With an estimated 2.6 million deer, the Texas Hill Country has the most deer of any region in the state.

“The 2017 deer population in the Hill Country is expected to be about the same as 2016 considering harvest was a bit lower than expected in 2016 and the region experiences a moderate fawn crop necessary to sustain that population level,” Cain noted.

Hunters had better harvest success in 2016 in the Cross Timbers region of north central Texas, the portion of the state with the second highest deer population at an estimate 739,000.

Cain said fawn production was good in the region this year, but there could be missing age classes when it comes to quality bucks in a large portion of the state including the Cross Timbers and Hill Country.

“Looking back several years ago at previous fawn crops and projecting those numbers to the 2017 season, hunters should expect to see a good number of 1.5, 4.5, 5.5 and 7.5 year old bucks relative to other age groups for the Edwards Plateau and Cross Timbers region. The number of 6.5-year-old bucks should be noticeably lower this year as a result of poor fawn crops during the 2011 drought. That’s not to say there are still not a good number of mature bucks in the population. In fact, 2017 should be an excellent year for bucks in that 4.5 to 5.5 age group as a whole relative to the last several years for these regions of the state,” Cain said.

Deer in the Rolling Plains experienced drier conditions this summer. But while there are typically fewer deer in that region, it still is capable of producing big bucks.

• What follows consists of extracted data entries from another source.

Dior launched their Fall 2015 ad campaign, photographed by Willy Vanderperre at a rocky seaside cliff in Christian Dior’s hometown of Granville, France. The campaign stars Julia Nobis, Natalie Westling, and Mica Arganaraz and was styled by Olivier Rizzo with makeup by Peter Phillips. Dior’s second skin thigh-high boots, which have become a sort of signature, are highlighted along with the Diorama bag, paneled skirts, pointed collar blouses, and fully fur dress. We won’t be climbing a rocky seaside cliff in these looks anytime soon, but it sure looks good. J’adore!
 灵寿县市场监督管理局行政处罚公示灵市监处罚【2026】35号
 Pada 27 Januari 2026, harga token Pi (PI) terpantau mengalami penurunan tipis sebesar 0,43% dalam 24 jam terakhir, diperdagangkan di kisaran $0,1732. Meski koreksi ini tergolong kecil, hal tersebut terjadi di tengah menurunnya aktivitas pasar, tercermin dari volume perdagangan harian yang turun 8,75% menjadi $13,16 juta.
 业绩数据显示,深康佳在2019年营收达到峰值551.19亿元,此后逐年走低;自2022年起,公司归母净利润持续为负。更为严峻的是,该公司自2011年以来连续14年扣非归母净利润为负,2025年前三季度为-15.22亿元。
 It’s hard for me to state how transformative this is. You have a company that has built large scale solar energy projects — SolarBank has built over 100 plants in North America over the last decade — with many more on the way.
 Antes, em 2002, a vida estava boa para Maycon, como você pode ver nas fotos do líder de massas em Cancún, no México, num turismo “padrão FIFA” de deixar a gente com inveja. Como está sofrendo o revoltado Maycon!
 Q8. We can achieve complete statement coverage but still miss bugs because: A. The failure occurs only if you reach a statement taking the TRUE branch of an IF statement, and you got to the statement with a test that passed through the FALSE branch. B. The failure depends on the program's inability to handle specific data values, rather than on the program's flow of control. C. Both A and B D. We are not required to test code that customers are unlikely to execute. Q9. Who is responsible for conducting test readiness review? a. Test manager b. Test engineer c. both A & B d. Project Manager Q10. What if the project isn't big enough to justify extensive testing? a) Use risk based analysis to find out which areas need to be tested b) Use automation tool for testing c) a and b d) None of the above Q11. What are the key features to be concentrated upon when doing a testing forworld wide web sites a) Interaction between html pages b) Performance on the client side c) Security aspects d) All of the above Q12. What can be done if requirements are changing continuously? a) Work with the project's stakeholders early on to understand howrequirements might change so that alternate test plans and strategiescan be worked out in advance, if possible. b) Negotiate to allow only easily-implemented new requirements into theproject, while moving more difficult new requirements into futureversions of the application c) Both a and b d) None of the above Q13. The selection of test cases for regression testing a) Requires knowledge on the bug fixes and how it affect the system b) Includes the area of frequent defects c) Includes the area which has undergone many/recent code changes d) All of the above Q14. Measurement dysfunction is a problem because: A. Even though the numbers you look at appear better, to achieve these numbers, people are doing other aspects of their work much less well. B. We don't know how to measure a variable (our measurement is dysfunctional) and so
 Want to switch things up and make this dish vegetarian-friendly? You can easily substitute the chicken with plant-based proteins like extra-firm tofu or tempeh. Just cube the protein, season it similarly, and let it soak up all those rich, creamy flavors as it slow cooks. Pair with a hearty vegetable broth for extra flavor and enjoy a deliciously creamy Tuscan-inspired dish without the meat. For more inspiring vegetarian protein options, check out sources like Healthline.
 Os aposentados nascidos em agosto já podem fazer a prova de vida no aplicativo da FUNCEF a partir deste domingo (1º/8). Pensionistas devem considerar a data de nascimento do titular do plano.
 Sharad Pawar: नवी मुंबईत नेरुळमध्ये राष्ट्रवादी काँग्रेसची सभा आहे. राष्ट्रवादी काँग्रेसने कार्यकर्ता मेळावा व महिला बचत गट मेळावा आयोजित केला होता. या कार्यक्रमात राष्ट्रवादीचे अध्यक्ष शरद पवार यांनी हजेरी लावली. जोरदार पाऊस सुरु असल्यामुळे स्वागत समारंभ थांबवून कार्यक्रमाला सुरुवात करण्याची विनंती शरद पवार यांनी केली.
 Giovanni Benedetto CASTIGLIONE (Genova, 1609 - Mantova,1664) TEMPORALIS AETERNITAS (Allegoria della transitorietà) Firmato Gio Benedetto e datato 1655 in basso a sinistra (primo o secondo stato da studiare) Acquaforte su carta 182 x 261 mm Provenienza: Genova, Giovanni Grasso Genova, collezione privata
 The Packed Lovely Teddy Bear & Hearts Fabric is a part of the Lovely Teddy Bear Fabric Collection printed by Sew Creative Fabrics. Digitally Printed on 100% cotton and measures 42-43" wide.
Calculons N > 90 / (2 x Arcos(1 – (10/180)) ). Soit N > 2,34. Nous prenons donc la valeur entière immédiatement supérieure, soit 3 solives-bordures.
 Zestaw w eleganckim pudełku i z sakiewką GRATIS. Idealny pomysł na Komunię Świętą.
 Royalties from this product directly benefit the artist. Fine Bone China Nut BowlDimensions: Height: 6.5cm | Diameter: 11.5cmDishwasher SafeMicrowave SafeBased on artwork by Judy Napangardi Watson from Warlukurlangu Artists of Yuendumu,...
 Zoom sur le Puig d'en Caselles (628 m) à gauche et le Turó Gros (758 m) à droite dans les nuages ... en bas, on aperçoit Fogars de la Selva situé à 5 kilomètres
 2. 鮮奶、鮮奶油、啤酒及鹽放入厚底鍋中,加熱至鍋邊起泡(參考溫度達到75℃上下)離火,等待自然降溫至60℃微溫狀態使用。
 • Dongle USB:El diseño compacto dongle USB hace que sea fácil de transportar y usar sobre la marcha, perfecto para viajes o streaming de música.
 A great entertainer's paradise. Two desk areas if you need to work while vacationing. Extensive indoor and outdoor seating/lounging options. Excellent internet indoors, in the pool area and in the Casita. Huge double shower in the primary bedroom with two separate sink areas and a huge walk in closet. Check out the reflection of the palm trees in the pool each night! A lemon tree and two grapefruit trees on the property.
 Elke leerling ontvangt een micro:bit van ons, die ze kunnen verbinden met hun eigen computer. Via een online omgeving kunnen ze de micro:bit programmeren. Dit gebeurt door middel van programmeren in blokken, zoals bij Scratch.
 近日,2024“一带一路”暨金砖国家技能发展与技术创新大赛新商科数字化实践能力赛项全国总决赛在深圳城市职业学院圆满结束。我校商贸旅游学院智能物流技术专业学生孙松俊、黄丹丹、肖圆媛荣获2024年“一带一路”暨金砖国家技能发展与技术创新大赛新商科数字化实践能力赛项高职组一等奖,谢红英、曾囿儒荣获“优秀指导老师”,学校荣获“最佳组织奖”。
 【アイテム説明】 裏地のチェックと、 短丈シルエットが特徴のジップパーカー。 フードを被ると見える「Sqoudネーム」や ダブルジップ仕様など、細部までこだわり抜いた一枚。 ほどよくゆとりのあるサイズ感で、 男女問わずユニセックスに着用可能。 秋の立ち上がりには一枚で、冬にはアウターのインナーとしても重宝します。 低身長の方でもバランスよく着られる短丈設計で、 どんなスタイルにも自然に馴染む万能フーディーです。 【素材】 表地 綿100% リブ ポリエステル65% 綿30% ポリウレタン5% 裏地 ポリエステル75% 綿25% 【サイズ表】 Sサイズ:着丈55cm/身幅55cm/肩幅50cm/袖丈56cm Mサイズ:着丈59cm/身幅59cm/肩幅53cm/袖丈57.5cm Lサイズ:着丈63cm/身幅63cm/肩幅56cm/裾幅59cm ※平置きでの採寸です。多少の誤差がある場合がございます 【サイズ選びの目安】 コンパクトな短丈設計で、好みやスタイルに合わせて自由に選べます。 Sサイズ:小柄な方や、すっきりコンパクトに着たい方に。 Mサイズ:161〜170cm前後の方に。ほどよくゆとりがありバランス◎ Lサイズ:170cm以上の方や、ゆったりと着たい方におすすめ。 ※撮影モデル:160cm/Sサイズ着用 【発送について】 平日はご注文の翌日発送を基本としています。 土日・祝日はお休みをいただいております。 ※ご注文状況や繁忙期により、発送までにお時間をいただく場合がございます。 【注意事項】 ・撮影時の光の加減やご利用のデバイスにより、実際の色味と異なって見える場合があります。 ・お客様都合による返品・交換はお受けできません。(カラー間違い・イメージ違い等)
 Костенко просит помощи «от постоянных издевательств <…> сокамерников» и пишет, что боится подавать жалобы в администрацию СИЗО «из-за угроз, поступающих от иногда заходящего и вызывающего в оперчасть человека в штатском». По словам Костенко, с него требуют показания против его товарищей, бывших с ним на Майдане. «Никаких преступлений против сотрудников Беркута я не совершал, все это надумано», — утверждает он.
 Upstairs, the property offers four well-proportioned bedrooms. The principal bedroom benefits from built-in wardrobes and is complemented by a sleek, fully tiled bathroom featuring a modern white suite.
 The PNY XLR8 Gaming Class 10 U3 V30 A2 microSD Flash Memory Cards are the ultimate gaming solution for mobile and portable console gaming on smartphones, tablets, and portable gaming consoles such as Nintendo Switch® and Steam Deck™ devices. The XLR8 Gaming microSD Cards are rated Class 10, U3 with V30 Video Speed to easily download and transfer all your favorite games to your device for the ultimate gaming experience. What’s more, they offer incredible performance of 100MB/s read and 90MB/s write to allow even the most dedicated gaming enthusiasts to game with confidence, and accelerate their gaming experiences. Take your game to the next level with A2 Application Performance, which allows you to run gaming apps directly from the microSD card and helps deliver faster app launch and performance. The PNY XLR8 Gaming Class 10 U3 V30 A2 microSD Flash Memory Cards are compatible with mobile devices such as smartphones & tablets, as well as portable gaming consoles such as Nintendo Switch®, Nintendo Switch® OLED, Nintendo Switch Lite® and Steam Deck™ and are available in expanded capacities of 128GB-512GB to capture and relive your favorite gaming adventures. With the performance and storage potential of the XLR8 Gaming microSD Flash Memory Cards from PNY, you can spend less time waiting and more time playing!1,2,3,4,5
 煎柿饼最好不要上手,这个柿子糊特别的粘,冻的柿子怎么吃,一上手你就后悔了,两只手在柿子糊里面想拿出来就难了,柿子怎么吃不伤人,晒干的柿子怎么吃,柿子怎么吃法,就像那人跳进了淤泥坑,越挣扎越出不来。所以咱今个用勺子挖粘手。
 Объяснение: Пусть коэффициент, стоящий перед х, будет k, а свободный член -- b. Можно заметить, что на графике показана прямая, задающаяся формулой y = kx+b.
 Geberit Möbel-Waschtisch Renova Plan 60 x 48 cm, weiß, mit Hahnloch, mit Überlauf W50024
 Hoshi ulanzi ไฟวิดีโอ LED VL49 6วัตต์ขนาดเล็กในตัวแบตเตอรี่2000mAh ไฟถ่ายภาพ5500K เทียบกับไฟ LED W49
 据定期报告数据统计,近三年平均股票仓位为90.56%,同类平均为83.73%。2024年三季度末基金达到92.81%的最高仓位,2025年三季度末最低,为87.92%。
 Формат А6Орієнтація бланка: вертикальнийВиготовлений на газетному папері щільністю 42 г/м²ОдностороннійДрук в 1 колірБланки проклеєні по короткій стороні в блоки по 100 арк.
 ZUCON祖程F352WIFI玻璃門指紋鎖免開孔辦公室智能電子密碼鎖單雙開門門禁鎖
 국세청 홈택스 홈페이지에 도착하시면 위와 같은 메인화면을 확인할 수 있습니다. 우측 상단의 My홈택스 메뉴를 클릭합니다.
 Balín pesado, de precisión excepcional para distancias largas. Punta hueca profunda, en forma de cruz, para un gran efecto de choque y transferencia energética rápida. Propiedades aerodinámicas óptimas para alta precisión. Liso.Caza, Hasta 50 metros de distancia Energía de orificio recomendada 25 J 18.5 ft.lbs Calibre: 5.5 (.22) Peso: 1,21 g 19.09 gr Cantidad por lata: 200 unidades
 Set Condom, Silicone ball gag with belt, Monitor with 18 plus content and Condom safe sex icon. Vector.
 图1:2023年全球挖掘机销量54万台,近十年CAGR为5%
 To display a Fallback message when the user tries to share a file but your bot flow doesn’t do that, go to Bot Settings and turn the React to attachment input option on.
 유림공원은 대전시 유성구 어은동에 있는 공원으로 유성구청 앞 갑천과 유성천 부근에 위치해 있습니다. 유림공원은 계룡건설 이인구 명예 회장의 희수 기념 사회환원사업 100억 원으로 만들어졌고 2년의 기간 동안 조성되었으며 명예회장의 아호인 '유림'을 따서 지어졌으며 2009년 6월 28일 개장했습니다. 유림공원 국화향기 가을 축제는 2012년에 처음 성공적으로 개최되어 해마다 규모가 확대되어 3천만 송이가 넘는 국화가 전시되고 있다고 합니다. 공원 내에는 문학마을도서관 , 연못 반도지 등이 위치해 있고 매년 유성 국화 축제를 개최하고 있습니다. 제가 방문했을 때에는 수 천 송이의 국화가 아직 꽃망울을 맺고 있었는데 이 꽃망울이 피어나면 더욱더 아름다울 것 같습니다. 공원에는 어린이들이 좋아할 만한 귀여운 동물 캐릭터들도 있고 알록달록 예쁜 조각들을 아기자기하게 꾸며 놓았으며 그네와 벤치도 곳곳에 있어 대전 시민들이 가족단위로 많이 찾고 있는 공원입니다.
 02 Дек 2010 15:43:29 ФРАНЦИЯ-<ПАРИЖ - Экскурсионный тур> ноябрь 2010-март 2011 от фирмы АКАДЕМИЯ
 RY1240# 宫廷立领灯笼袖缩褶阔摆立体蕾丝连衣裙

Cain said South Texas experienced its sixth consecutive hot and dry summer, which resulted in reduced but even fawn crops.

While there is always a chance to kill a big buck in the brush country, hunters can expect to see more 2.5, 4.5 and 5.5 year old bucks than other age classes.

In the Post Oak Savannah and Pineywoods regions of East Texas, hunters can expect to see antler quality that is average to above average because of the strength of the 4.5- and 7.5-year-old age classes. While flooding in recent years has had an impact on young deer numbers in the bottomland areas and an older age class is missing from the 2011 drought, the two regions are seeing an overall increase in deer numbers.

The archery season is open in 252 counties around the state and will close Nov. 3. The regular season will open Nov. 4.